While migrating this part may be slightly challenging, most of it is likely to be about removing the existing code rather than modifying it.

E-mail and MIME

The MIME class infrastructure has been replaced with a much simpler MailMessage class and a pair of MailReader and MailWriter classes for email processing and serialization.

ZIP and Archives

The ArchiveReader and ArchiveWriter classes provide simpler access to the compression technologies. They work with all supported archive types (ZIP, bzip2, gzip, tar), and provide uniform access to the underlying compression mechanisms.

DC (Distributed Crypto)

DC has long been set to change, dictated by efforts from browser vendors to retire the in-browser technologies capable of circumventing the sandbox. The change in DC is one of the biggest in SecureBlackbox 2022.

The new approach to in-browser signing involves two principal pieces on the workstation side: a system service that relies on the DCAuth component (ex-TElDCStandardServer) to sign incoming DC requests, and in-browser JavaScript that is capable of forwarding the DC requests from the browser to the service via Ajax. This eliminates the use of "now-illegitimate" technologies like Java applets altogether, making the scheme fair, cross-platform, and usable in the long term.

The workstation-side application eliminates the need to implement the desktop-side solution for most common usage scenarios.

The application-level components, such as PDFSigner, support DC via their SignAsyncBegin and SignAsyncEnd methods. These are equivalents of the InitiateAsyncSign and CompleteAsyncSign methods.

Network Protocol Clients

The APIs of FTP, HTTP, SFTP, and mail clients have been simplified, but the general usage approaches have largely been kept unchanged.

Network Protocol Servers

All server components now come with built-in networking capabilities, so you don't need to bother with sockets and threads.

Licensing Notes

In previous versions of the product you used a SetLicenseKey() call to pass your license key to the components. This is no longer the case: you will receive a new shorter product key from our licensing team used during installation. For instructions on how to license the components for distribution please see the Licensing Instructions page.

Using the SecureBlackbox 16-Style API

We understand that in many cases migrating a project to a brand new set of components, however close in technology, may not be a preferred course of action. One example is where your current code was formally tested or certified and the migration will require recertification. For such scenarios, and for backward compatibility reasons, we continue to offer the SecureBlackbox 16-style API. This is available by default in the .NET and Java editions, and as a separate Backwards Compatiblity Pack download for the Delphi edition.

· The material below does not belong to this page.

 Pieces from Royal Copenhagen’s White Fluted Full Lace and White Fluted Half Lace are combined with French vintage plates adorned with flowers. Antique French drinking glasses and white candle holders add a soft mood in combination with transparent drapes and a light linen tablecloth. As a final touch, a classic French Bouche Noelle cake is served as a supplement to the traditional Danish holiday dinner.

The documentation for the v16-style API is available here.

Upgrade Notes

The first change you will notice after upgrading to SecureBlackbox 2022 is the absence of a bunch of secureblackbox.*.jar packages. To make the things simpler there is now there is only one jar file. The SecureBlackbox 2022 distribution therefore only contains the following few jar files:

  • secureblackbox.jar - the development version of SecureBlackbox jar (includes help files)
  • deploy.jar - the deployment version of a SecureBlackbox jar (smaller size and no help files)

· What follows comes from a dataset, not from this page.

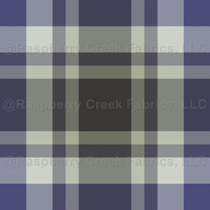 This plaid design features large mirrored stripes in shades of American blue, charcoal, and pewter gray.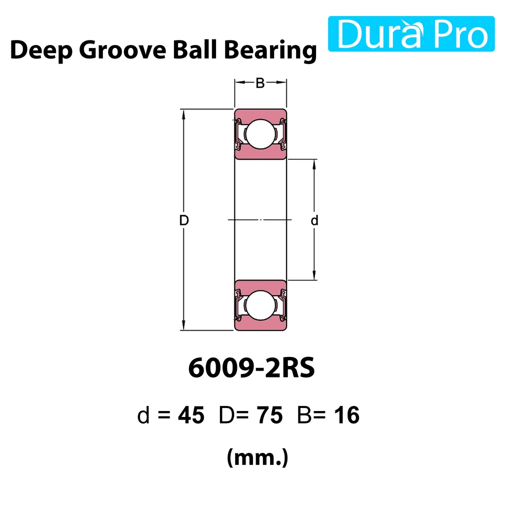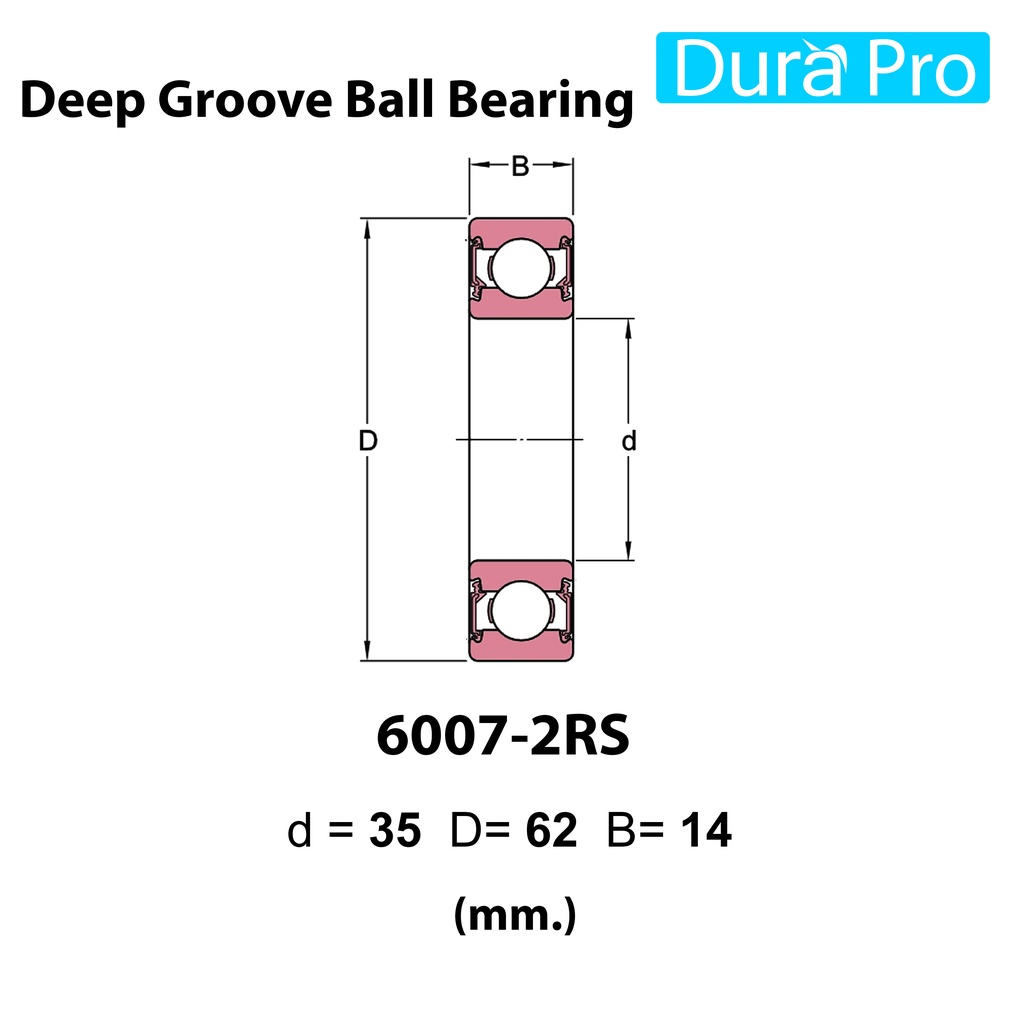 6007-2RS 6008-2RS 6009-2RS 6010-2RS 6011-2RS 6012-2RS ตลับลูกปืนเม็ดกลม ฝายาง FAG Deep Groove Ball Bearing โดย Dura Pro

Both jars contain the same set of components, representing both the new and the old APIs. All the components from the new API are provided in secureblackbox namespace. The components from the old API are available in their original namespaces (secureblackbox.HTTPClient, secureblackbox.XML etc.). There is one important change here: the first part of the original namespace became all-lowercase, so what used to be SecureBlackbox.XML became secureblackbox.XML.

When migrating your existing SecureBlackbox-powered projects, replace all the references to SecureBlackbox jars with a single reference to the new secureblackbox.jar or deploy.jar. Update import directives in your Java files, and you should be good to go - any old-API SecureBlackbox components should be back in scope with no further actions needed.